Dataset section:
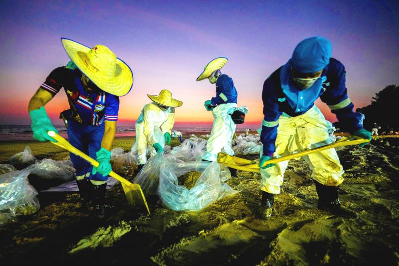 About 200 Royal Thai Navy personnel and 150 people from Star Petroleum were helping in the cleanup with equipment to absorb and skim the oil, while two backhoes dug a trench to capture the incoming oil.
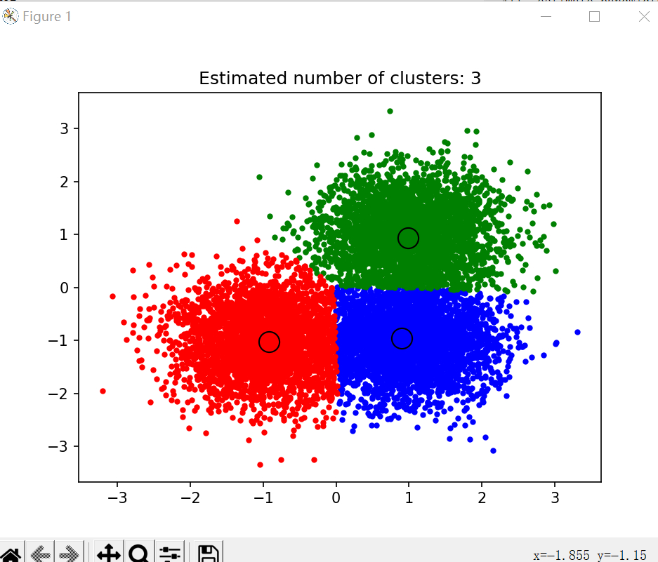 print(__doc__) import numpy as np from sklearn.cluster import MeanShift, estimate_bandwidth from sklearn.datasets import make_blobs # ############################################################################# # Generate sample data centers = [[1, 1], [-1, -1], [1, -1]] X, _ = make_blobs(n_samples=10000, centers=centers, cluster_std=0.6) # ############################################################################# # Compute clustering with MeanShift # The following bandwidth can be automatically detected using bandwidth = estimate_bandwidth(X, quantile=0.2, n_samples=500) ms = MeanShift(bandwidth=bandwidth, bin_seeding=True) ms.fit(X) labels = ms.labels_ cluster_centers = ms.cluster_centers_ labels_unique = np.unique(labels) n_clusters_ = len(labels_unique) print("number of estimated clusters : %d" % n_clusters_) # ############################################################################# # Plot result import matplotlib.pyplot as plt from itertools import cycle plt.figure(1) plt.clf() colors = cycle('bgrcmykbgrcmykbgrcmykbgrcmyk') for k, col in zip(range(n_clusters_), colors): my_members = labels == k cluster_center = cluster_centers[k] plt.plot(X[my_members, 0], X[my_members, 1], col + '.') plt.plot(cluster_center[0], cluster_center[1], 'o', markerfacecolor=col, markeredgecolor='k', markersize=14) plt.title('Estimated number of clusters: %d' % n_clusters_) plt.show()
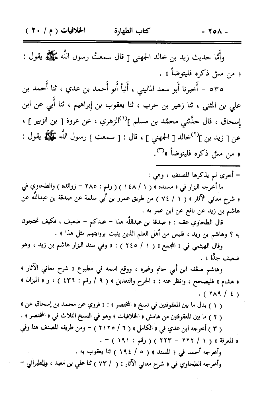 535- أخبرنا أبو سعد الماليني، أنبأ أبو أحمد بن عدي، ثنا أحمد بن علي بن المثنى، ثنا زهير بن حرب، ثنا يعقوب بن إبراهيم، ثنا أبي عن ابن إسحاق، قال حدثني محمد بن مسلم] الزهري، عن عروة [بن الزبير]، عن [زيد بن] خالد [الجهني] قال: [سمعت] رسول الله صلى الله عليه وسلم يقول: ((من مس ذكره فليتوضأ)).
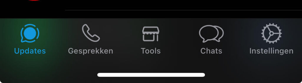 Op je telefoon vindt je WhatsApp-Kanalen onder “Updates” in de applicatie (zie afbeelding hierboven), dus op je beginscherm onderaan.

What this task involves: Set down the full listing above with its wording unchanged. Leave out its images.

Solution:
 About 200 Royal Thai Navy personnel and 150 people from Star Petroleum were helping in the cleanup with equipment to absorb and skim the oil, while two backhoes dug a trench to capture the incoming oil.
 print(__doc__) import numpy as np from sklearn.cluster import MeanShift, estimate_bandwidth from sklearn.datasets import make_blobs # ############################################################################# # Generate sample data centers = [[1, 1], [-1, -1], [1, -1]] X, _ = make_blobs(n_samples=10000, centers=centers, cluster_std=0.6) # ############################################################################# # Compute clustering with MeanShift # The following bandwidth can be automatically detected using bandwidth = estimate_bandwidth(X, quantile=0.2, n_samples=500) ms = MeanShift(bandwidth=bandwidth, bin_seeding=True) ms.fit(X) labels = ms.labels_ cluster_centers = ms.cluster_centers_ labels_unique = np.unique(labels) n_clusters_ = len(labels_unique) print("number of estimated clusters : %d" % n_clusters_) # ############################################################################# # Plot result import matplotlib.pyplot as plt from itertools import cycle plt.figure(1) plt.clf() colors = cycle('bgrcmykbgrcmykbgrcmykbgrcmyk') for k, col in zip(range(n_clusters_), colors): my_members = labels == k cluster_center = cluster_centers[k] plt.plot(X[my_members, 0], X[my_members, 1], col + '.') plt.plot(cluster_center[0], cluster_center[1], 'o', markerfacecolor=col, markeredgecolor='k', markersize=14) plt.title('Estimated number of clusters: %d' % n_clusters_) plt.show()
 535- أخبرنا أبو سعد الماليني، أنبأ أبو أحمد بن عدي، ثنا أحمد بن علي بن المثنى، ثنا زهير بن حرب، ثنا يعقوب بن إبراهيم، ثنا أبي عن ابن إسحاق، قال حدثني محمد بن مسلم] الزهري، عن عروة [بن الزبير]، عن [زيد بن] خالد [الجهني] قال: [سمعت] رسول الله صلى الله عليه وسلم يقول: ((من مس ذكره فليتوضأ)).
 Op je telefoon vindt je WhatsApp-Kanalen onder “Updates” in de applicatie (zie afbeelding hierboven), dus op je beginscherm onderaan.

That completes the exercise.